Con queste premesse, viene istintivo fare un collegamento tra le due storie, e in effetti l’intreccio è tutt’altro che nuovo. Non conta però la prevedibilità della storia, quanto l’esigenza di raccontarla: in un paese dove l’interruzione volontaria di gravidanza è sempre più osteggiata, e le culle per la vita sono giusto una sessantina, la maternità resta un tema cruciale. Il merito di Amata, però, è di spostare la riflessione sul piano concreto. Mentre la retorica conservatrice si riempie la bocca di discorsi evanescenti, idealizzando il concetto di “madre” e quello di “famiglia”, Bernardini riporta al centro le implicazioni emotive, psicologiche e materiali della genitorialità, che sia desiderata o inattesa. Per Nunzia, essa è un ostacolo al suo percorso di realizzazione, aggravato da un contesto che la fa sentire sola: anche le rassicurazioni del personale medico portano più danni che benefici, essendo così lontane dall’esperienza interiore ed esteriore della ragazza. Ne deriva il paradosso di una cultura che vuole le madri come madonne, ma nei fatti non le aiuta per davvero, le lascia isolate, e non si prodiga per capirne le reali esigenze (in termini sia di assistenza psicologica sia di supporto materiale, indipendentemente dalla scelta di portare avanti la gravidanza o meno).
Così, articolando vari aspetti della maternità, il film affronta complicazioni di segno opposto, dove la vicenda di Maddalena fa da contraltare a quella di Nunzia. Se quest’ultima è rimasta incinta con facilità e senza volerlo, Maddalena un bambino lo desidera da anni, ma si sente tradita dal suo corpo: non fa che colpevolizzare sé stessa, mentre il marito piange in solitudine, preoccupato di mostrarsi forte.
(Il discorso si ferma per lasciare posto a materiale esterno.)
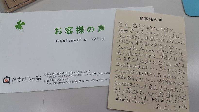 そんな時に、知人からシックハウスだと思うと教えていただき、笠原木材様に
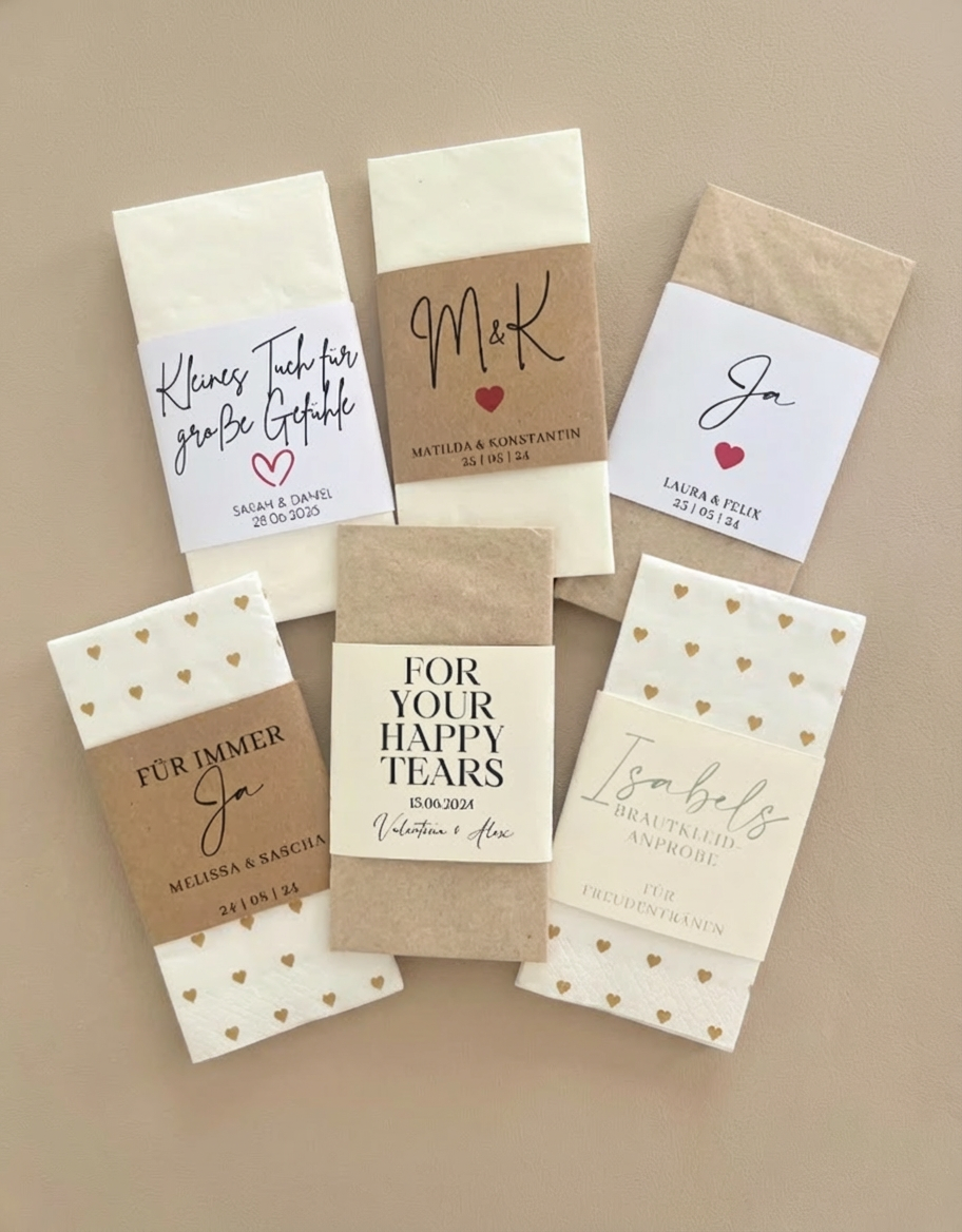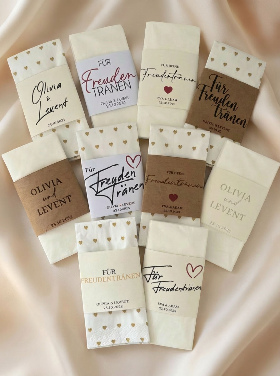Unsere liebevoll gestalteten Taschentücher sind das kleine Extra für große Emotionen. Ob für Freudentränen bei Hochzeiten, Taufen oder besondere Feiern – jedes Taschentuch ist individuell bedruckt und passt perfekt zu deiner Papeterie. So werden selbst die zarten Momente unvergesslich.
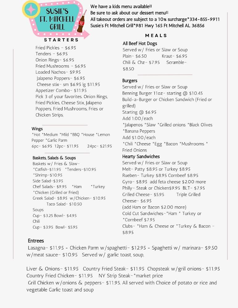 Welcome to Susie's Fort Mitchell Grill, where delicious meals and delightful desserts come together in a warm, welcoming atmosphere. Located at 981 AL-165, Fort Mitchell, AL, we offer a full-service dining experience with an enticing lunch and dinner menu. Enjoy a variety of options from hearty meals to sweet treats, including cakes, brownies, pies, and ice cream. Whether you choose to dine in, grab takeout, or enjoy our outdoor terrace, we promise exceptional service and a vibrant ambiance, perfect for families, solo diners, and anyone who loves great food. Join us for a memorable dining experience in the heart of Fort Mitchell!

Emergono qui le molte aspettative che gravano sul corpo di una donna, l’idea che debba inevitabilmente dare un figlio al proprio compagno, alla società, al paese, e che in caso contrario non possa considerarsi realizzata. Bernardini è attenta a caratterizzare Maddalena al di fuori del rapporto coniugale (la vediamo impegnata diverse volte nel suo lavoro), eppure quel senso di incompiutezza resta dentro di lei, sia per un sincero desiderio di maternità sia per un’antica pressione sociale, indotta dall’esterno; d’altra parte, quante volte la famiglia tradizionale ci è stata propinata come unico modello possibile? Per fortuna, lei e Luca cominciano a riflettere su altre soluzioni, e infatti Amata offre anche uno sguardo dettagliato sui meccanismi dell’adozione, snodo cruciale della storia: è qui che entra in gioco Adele (Donatella Finocchiaro), che assiste la coppia e illustra la procedura per adottare un bambino, ovviamente delicatissima. Noi seguiamo entrambi i punti di vista, la madre accidentale e quella che aspira a diventarlo, come due rette parallele che non si incrociano mai; anche perché Amata chiaramente non è Juno, né come toni né come reazione al distacco, e punta alla verosimiglianza.
Elisa Amoruso sa bene di lavorare su una materia sensibile, ed è abile a sfruttare i silenzi come forma espressiva e riflessiva: l’impiego delle musiche si limita infatti alle fonti diegetiche, udite anche dai personaggi nella finzione (il pianoforte di Luca, i ritmi techno nella discoteca, la dolcissima Te lo leggo negli occhi di Dino – scritta da Sergio Endrigo e Sergio Bardotti – ascoltata da Nunzia in casa della signora). Ed è nel silenzio che sono immersi anche i dialoghi più intimi e arcigni, forse troppo enfatici, quando la scrittura prende il sopravvento con esiti un po’ artificiosi. Resta però una riflessione toccante – quanto schietta – sugli ostacoli e i dubbi della maternità, in un paese che sul corpo delle donne continua a combattere battaglie durissime.